# Help! Need advice on yoyo loach!



## cal1112333 (Aug 27, 2008)

Im getting small snails in my tank, and dont want them. Theyre just the small ones and im only seeing a few right now but i want to nip this in the butt before the population explodes.

After some research I decided yoyo loaches would be the best bet but am not convinced. 

My tank is set up as such:
55 gallon
7 plants setup in a medium density in half the tank
1' of bogwood in the opposite end

5 fancy guppies
oto catfish
Siamese algae eater
2 ghost glass catfish
10 ghost shrimp 
2 bamboo shrimp

I know that the yoyo will eat the snails (keeping them in check)and wont bother my other fish, but im concerned that the ghost shrimp and bamboo shrimp will be eaten or harassed. 

All im after in the long run is snail eradication and I would just add copper if it wouldn't kill my tank favorites (the shrimp). 

If you have experience with loach/shrimp interaction i would love to hear it, or if you have suggestions for dealing with the snails.


----------



## djrichie (May 15, 2008)

Ghost shrimp will make a taste treat for almost any fish...... It's just a matter of time, before they find them..... the bamboo shrimp will be fine, as they are two big..... you may want to move to an alamo shrimp.

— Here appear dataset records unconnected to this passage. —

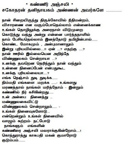 "Kanneer Anjali" for Late Thaninayagam by Kontharaththu Kasupathy's son Kumar(Germany)(attachment)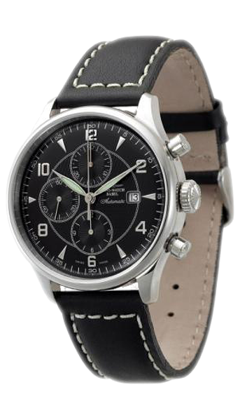 Funkce:čas, datum, chronograf = stopky, strojek swiss Valjoux 7750 (25 kamenů), rezerva chodu 46 hodin, kmity setrvačky 28.800/h = diference 3 - 4 vteřiny denně, svítící ručky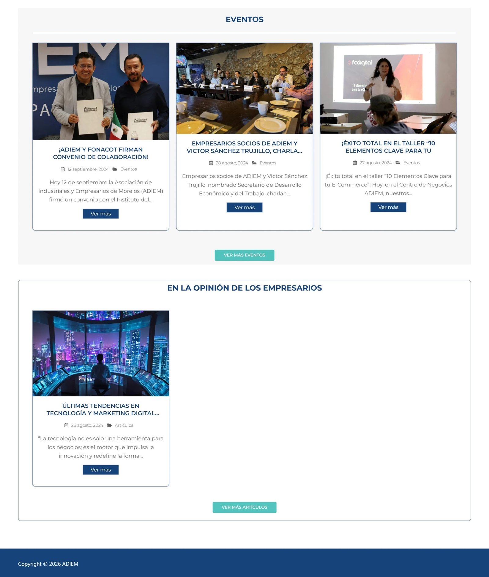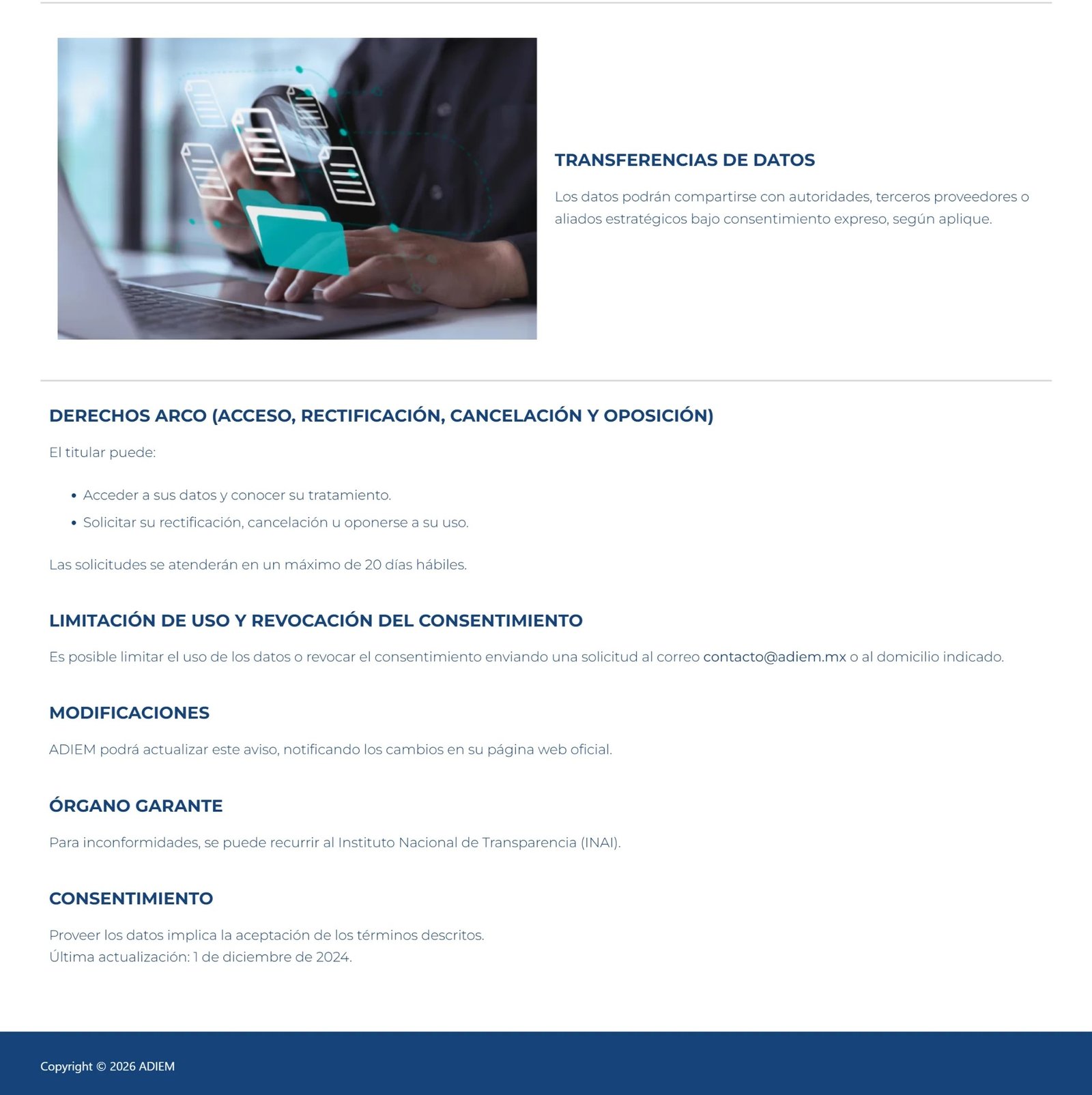 Durante mis prácticas profesionales en ADIEM, participé en la administración y mejora de su sitio web institucional. Una de mis principales aportaciones fue el desarrollo del apartado de política de privacidad, así como mejoras en la interfaz de la página de inicio para hacerla más clara y accesible para los usuarios.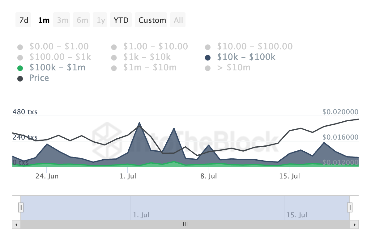 IntoTheBlockのデータによると、過去1カ月間、BEAMの1日の大口取引数が増加している。ちなみに、1万ドルから10万ドルのBEAM取引の日次件数は、過去30日間で57%増加している。同期間中、10万ドルから100万ドルの大口取引は129%増加している。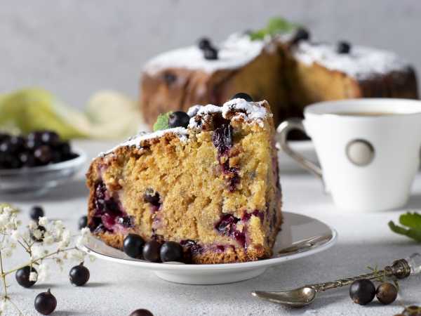 Шарлотка с черникой в мультиварке готова. Разрежьте её на порционные кусочки и подавайте на стол с чашечкой чая, молока или компота.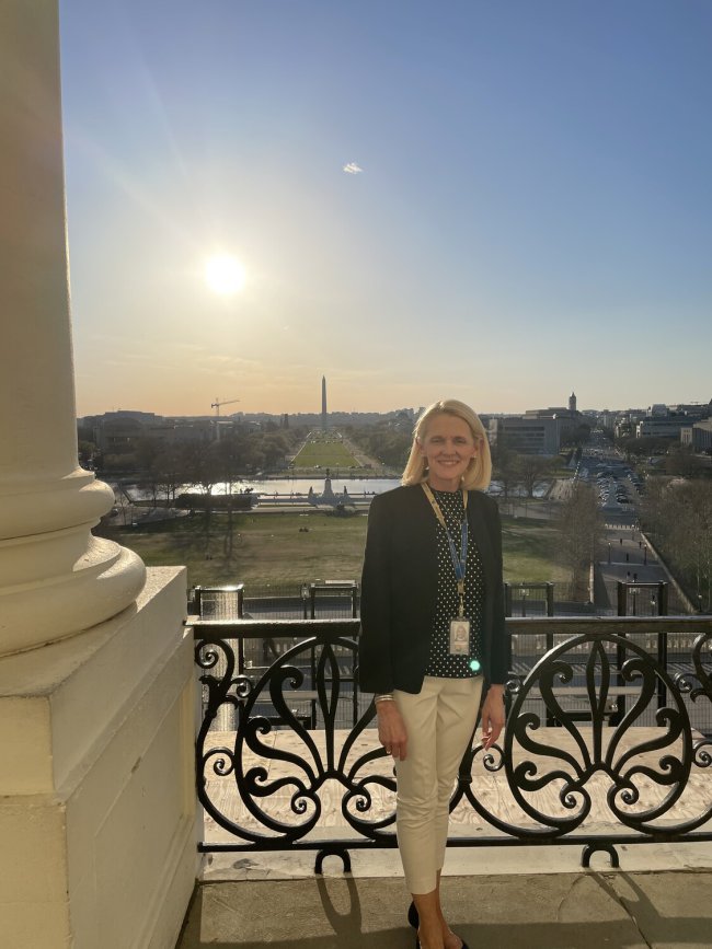 Baker stands on a balcony overlooking the U.S. Capitol grounds. Photo courtesy Brenda Baker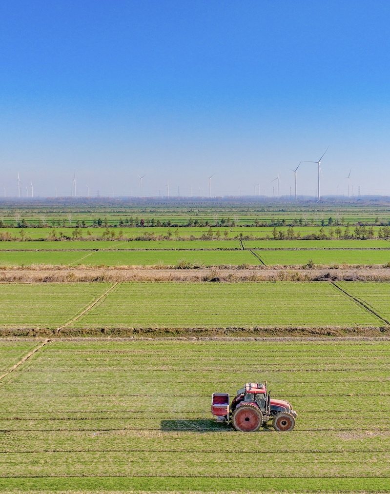 12月9日,江蘇省鹽城市射陽(yáng)縣的一座農(nóng)場(chǎng)內(nèi),農(nóng)機(jī)正在進(jìn)行田間管理作業(yè)。入冬以來(lái),農(nóng)場(chǎng)搶抓晴好天氣,實(shí)施綜合田管,為夏糧增產(chǎn)豐收打好基礎(chǔ)。張偉生攝(中經(jīng)視覺(jué))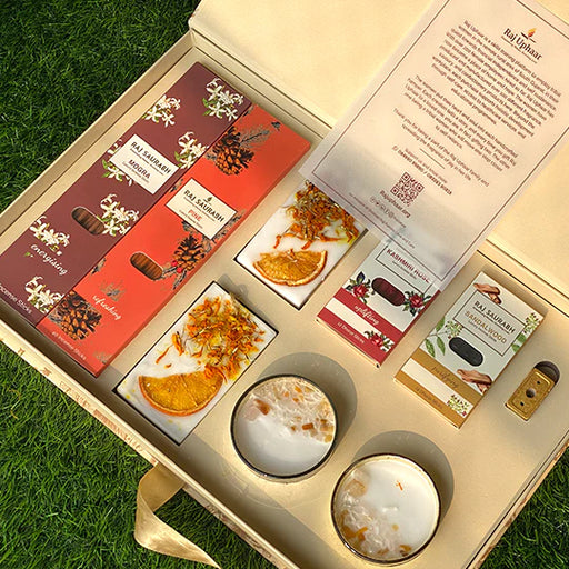 Raj UphaarRadha is a tribute to sanctity and discipline, featuring fragrant dhoop sticks, incense sticks, and delicate mishri jars. Accented with a wooden ur...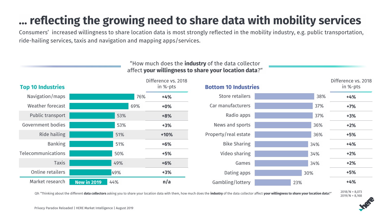 在2018年的研究中,消费者与公共交通和叫车服务分享数据的意愿上升最多。这反映了移动市场的增长。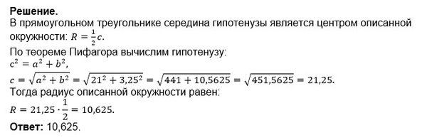 В прямоугольном треугольнике известны длины катетов, равные 21 и 3,25. Вычислить радиус круга, описанного около треугольника.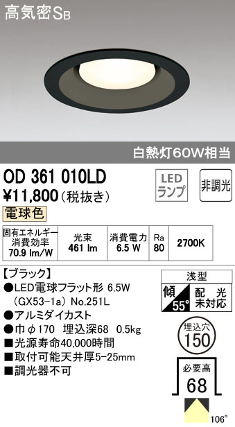 ODELIC ¥ª¡¼¥Ç¥ê¥Ã¥¯ LED ¥À¥¦¥ó¥é¥¤¥È OD361010LD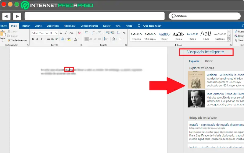 Un autre des grands avantages que nous offre Word est de pouvoir effectuer des recherches intelligentes et ainsi définir un mot dans le document sans avoir besoin de l’abandonner. Pour cela, l’application se charge d’ouvrir une fenêtre et d’y lancer la fenêtre du navigateur Web. Cela vous permet de gagner du temps et de travailler lors de la création de votre document texte.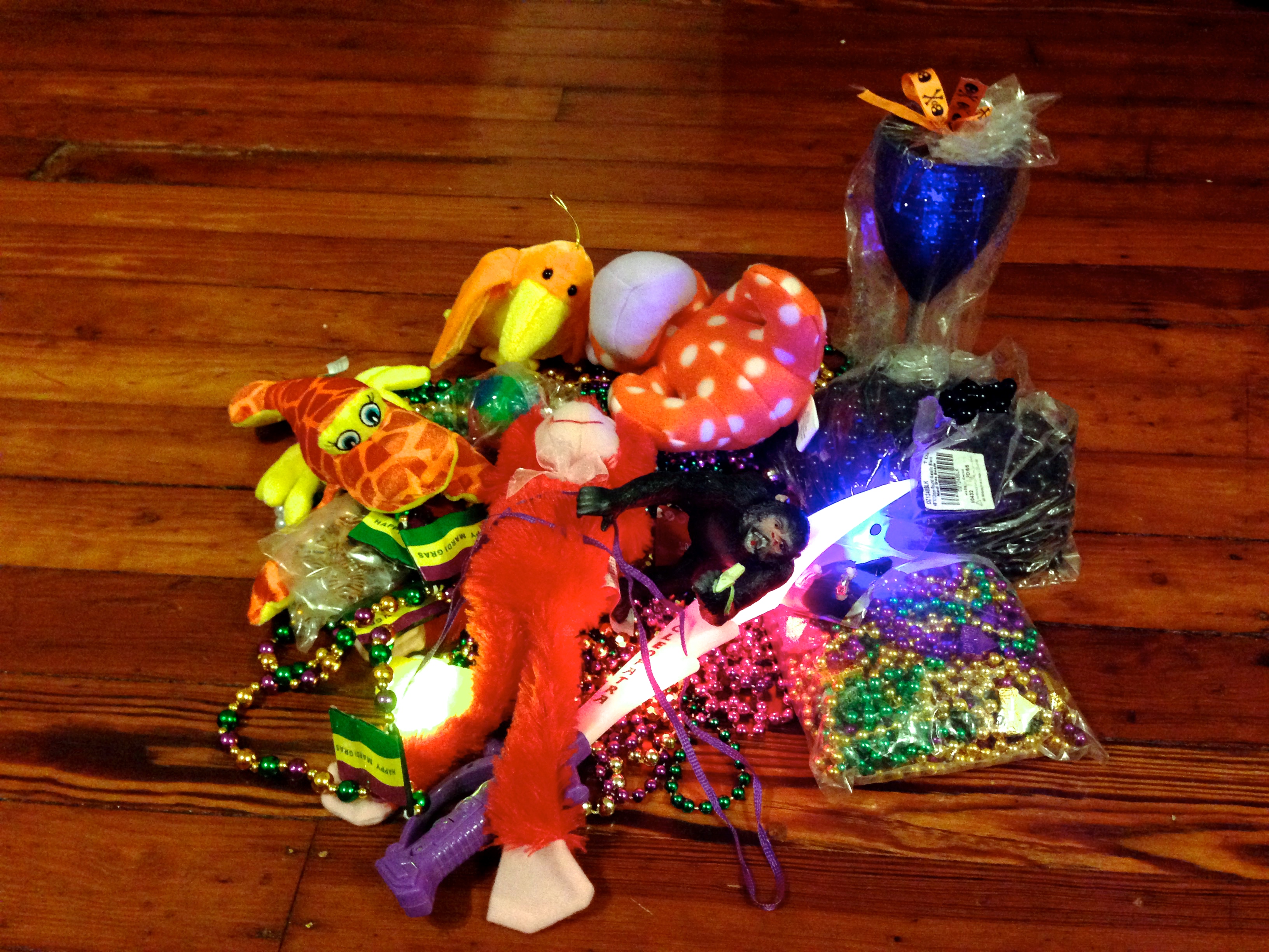 I had so much fun at my first Mardi Gras parade. It was kind of weird at first – basically these floats are passing by and you shout out “Throw me something!” and then the people on the float throw you something – or not. When they didn’t, it was so f*cking annoying! I’m really not into the whole “begging” aspect of it, but once I had a few drinks in me I got used to it. It was a lot of fun, and thanks to my friends, who gave me pretty much everything they caught, I ended up bring home a lot of stuff.

I don't know what the cost for ghost shrimp are were you live but here you can buy 25 for a dollar at most LFS. So I kind of accept the fact, that they will get eaten. Putting copper in your tank (had-a-snail) will work but you have to remember what ever you put in the tank water at some level it in your tank. I would get the Yo Yo Loach to snail control or even the chain loach. The chain loach is a smaller loach and maybe the ghost shrimp would last longer. You could also try the snail trap method, you drill holes in a small container and add algea waffers. but it in at night and sink to the bottom in an hour or so remove it and the snail that crawl in. in my experience for every 1 snail you see, you have 10 you can't see in the gravel. You should move quickly or your will soon find alot of snails every where


----------



## ntiggr2 (Jan 17, 2008)

Hi.
You can also try putting a piece or slice of cucumber in the tank and weighting it down or attaching it to the glass overnight for several nights. 
Take it out every morning and get rid of the snails on it and put it back in.

This has worked for me in the past, especially when adding new plants to my tanks and the snails sneak in on them.

Donna


----------